We decided about five years ago to start plans to make ourselves “location independent,” by purchasing an RV to live in and travel. We still needed to work, but with the business we own we knew we could be mobile and still serve our clients.
We spent three years preparing for our adventure, including nightly internet shopping on RVtrader and CraigsList. We were not looking for a ‘perfect’ rig, but one that we could afford and had the necessary items for our future. Not long into the search, we felt a motorhome with two slides, and room for two desks was going to be the best fit for us.
We were living in a 1,500 square foot, 3 bedroom, 2 bath home when we got serious about this tiny living stuff. We decided to block off portions of our house to mimic RV living, as much as we could.
We started with the living area and used blue painters tape to mark off the approximate floor space of the living area of an RV with 2 extended slides. Then we moved the couch, TV, and 2 desks into that space.
Yes, we really did do this. Friends and family came to visit and laughed. In front of us, and behind our backs.
The smallest bedroom and bathroom at our house became our new residence, using half the closet and one small dresser for all our clothes.
We couldn’t move the kitchen, so we just downsized to one set of upper and lower cabinets and emptied the pantry.
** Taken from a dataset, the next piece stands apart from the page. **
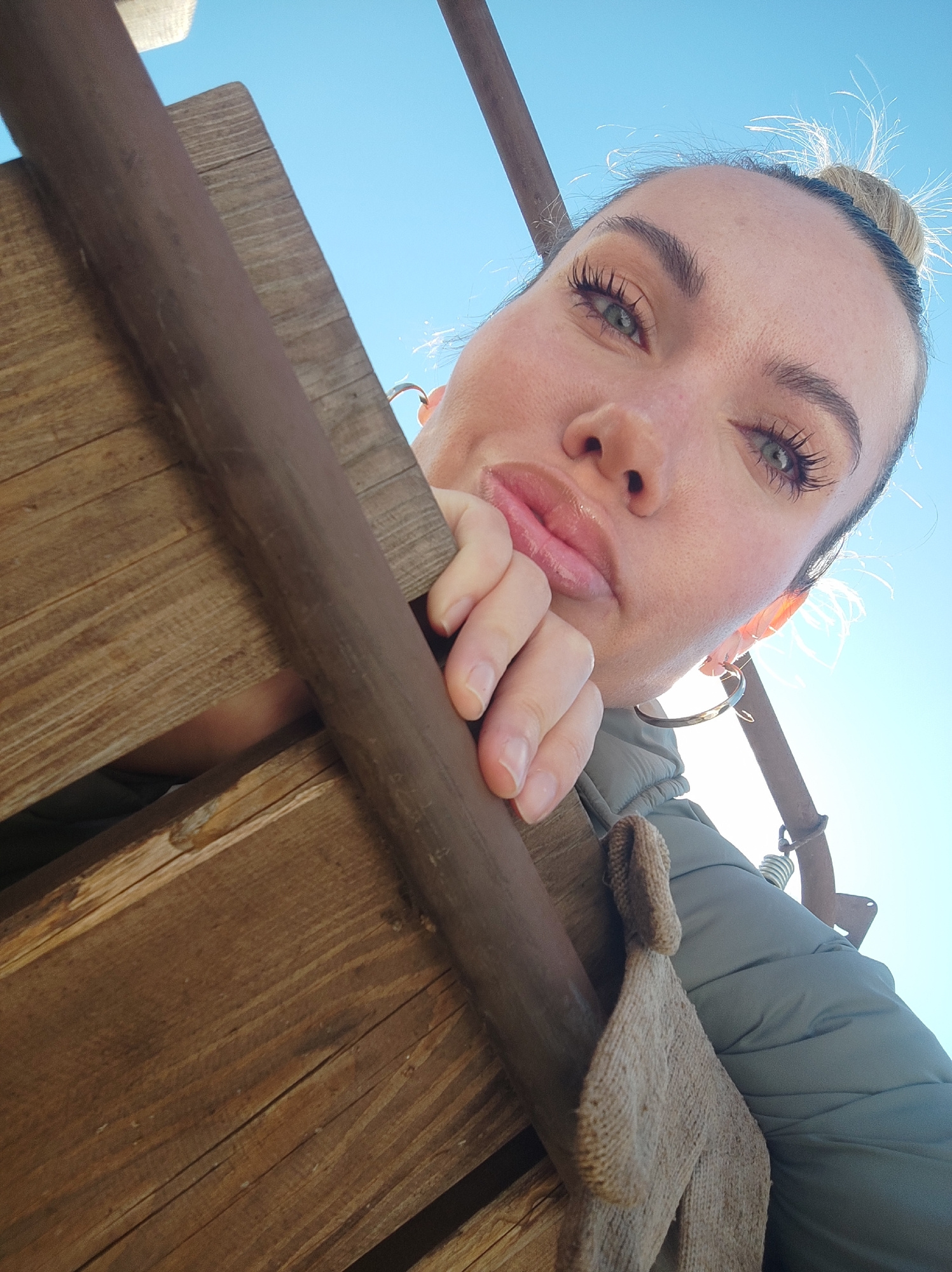 A woman poses close to the camera from a low angle, holding onto a weathered, brown wooden structure. She has her blonde hair in a bun and wears gold hoop earrings, visible against the bright blue sky…read more

Kitchen appliances and dishes were minimized into the two cabinets, as well as food goods.
We lived like that for 9 months.
Every day we worked with our desks side-by-side, ate lunch at our little table between the desks, and cooked with only the bare minimum of utensils.
By the time we moved into our motorhome, the transition was fairly simple and straightforward.
Yes, there were some adjustments, but neither of us thought it was too much different than what we had been experiencing for the previous year. (You can see interior photos of our workspace and living areas here.)
In fact, we found the storage of our motorhome allowed us to have and bring much more of our life with us than we first anticipated.
We often tell people a lifestyle change can be accomplished, but you have to work at it. And why wouldn’t you want to experiment with the concept? What happens if you spend a bucket of money on an RV, and find out the living space is just. too. small?